Certificate: 15
Director: Mia Hansen-Løve
Studio: CG Cinéma, France 2 Cinéma, Blue Film Production, Yundal Films

Can you feel it? At last, the essence of house music is captured on celluloid.

As the camera pans to a column of irrepressibly cool Parisians shuffling home after a subterranean rave, Eden captures the bittersweet jaded end of a party that inevitably, sadly, had to end.

It’s one of a handful of beautiful, romanticised moments in a film about the French capital’s seminal house and garage movement through the early to mid 1990s; told through the eyes of one its protagonists – DJ Paul Vallée (Félix de Givry).
Paul’s trajectory is based on the life of actual French house and garage DJ Sven Hansen-Løve. An epicurean who lived the scene’s hedonistic highs and wretched lows, Sven was among a band of entrepreneurial DJs and producers, which included Daft Punk in their burgeoning years, who organised legendary raves and subsequent legitimate club nights across Paris.
This talented batch of bon viveurs were inspired by the ‘house’ music that emerged from Chicago’s Warehouse nightclub in the late 1980s, and the ‘garage’ tunes that had blasted out of legendary DJ Larry Levan’s decks at the Paradise Garage, New York, during the same period. In the early 1990s Sven, Daft Punk and others including Etienne de Crecy, began creating and appling their French touch to this style of music, creating a new sub-genre in the process.
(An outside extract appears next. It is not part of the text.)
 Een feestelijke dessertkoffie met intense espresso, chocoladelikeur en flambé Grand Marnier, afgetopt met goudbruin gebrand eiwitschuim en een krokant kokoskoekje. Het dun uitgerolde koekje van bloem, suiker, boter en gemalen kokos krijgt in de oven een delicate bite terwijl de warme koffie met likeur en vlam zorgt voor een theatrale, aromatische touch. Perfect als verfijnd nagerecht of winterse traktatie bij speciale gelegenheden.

The script was co-written by Sven and his sister Mia, the film’s director, who has applied her own deft, authentic approach.
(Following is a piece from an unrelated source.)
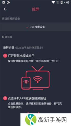 6.同时支持投屏功能,打开后软件会自动搜索投屏的设备,绑定投屏设备后就可以享受大屏高清的画面了。
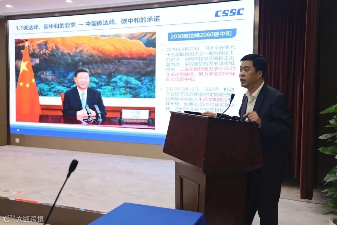 图为上海船舶研究设计院总工程师王刚毅作《船舶行业绿色转型的路径与挑战》学术报告

There’s a great moment when a much younger, sheepish Daft Punk play their first hit, Da Funk, for the first time at a house party and the camera tracks back – the duo are now more elusive, enigmatic – stars are born. Another quintessentially Gallic scene portrays the youngsters debating the political and social merits of Showgirls.

But more crucially, through the DJ sets of Paul and his ‘camarades’, Mia Hansen-Løve manages an extremely rare feat. She takes dance music seriously, draws out its sensitivities and pitches perfectly its ability to create euphoric shared experiences – whether you’re sober or intoxicated. House music is and can be just as vital to this generation as punk was to the class of 1977.
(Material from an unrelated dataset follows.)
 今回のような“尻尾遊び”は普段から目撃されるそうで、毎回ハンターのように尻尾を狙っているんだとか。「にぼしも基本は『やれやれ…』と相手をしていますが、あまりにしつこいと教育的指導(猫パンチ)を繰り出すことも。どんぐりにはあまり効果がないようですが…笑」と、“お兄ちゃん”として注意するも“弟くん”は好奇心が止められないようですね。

For many, Eden will conjure feelings just like those unearthed by the recent rebirth of TFI Friday. The first four bars of Kings of Tomorrow’s Finally, Joey Smooth’s Promised Land and Daft Punk’s One More Time will spark urges among many 30-somethings to succumb to their inner demons, get royally twatted and party like its 1998.

But the script is by no means flawless. Much like a (house) party, seemingly important characters emerge and disappear with little or no explanation and the plot veers lightly without a constant narrative thrust.

It’s a languid story at times and will test those who aren't particular fans of the music featured throughout.

Which brings to the soundtrack. From the opening Balearic bars of Derrick May’s blissful remix of Sueno Latino, through to Terry Hunter’s Your Love, the tunes will give audience’s shivers, leave them misty eyed for their youth and may well attract new converts.

Through an adroit choice of songs, a clear understanding and unassuming style, Mia Hansen-Løve has captured the true essence of house music itself – fleeting moments of pure joy.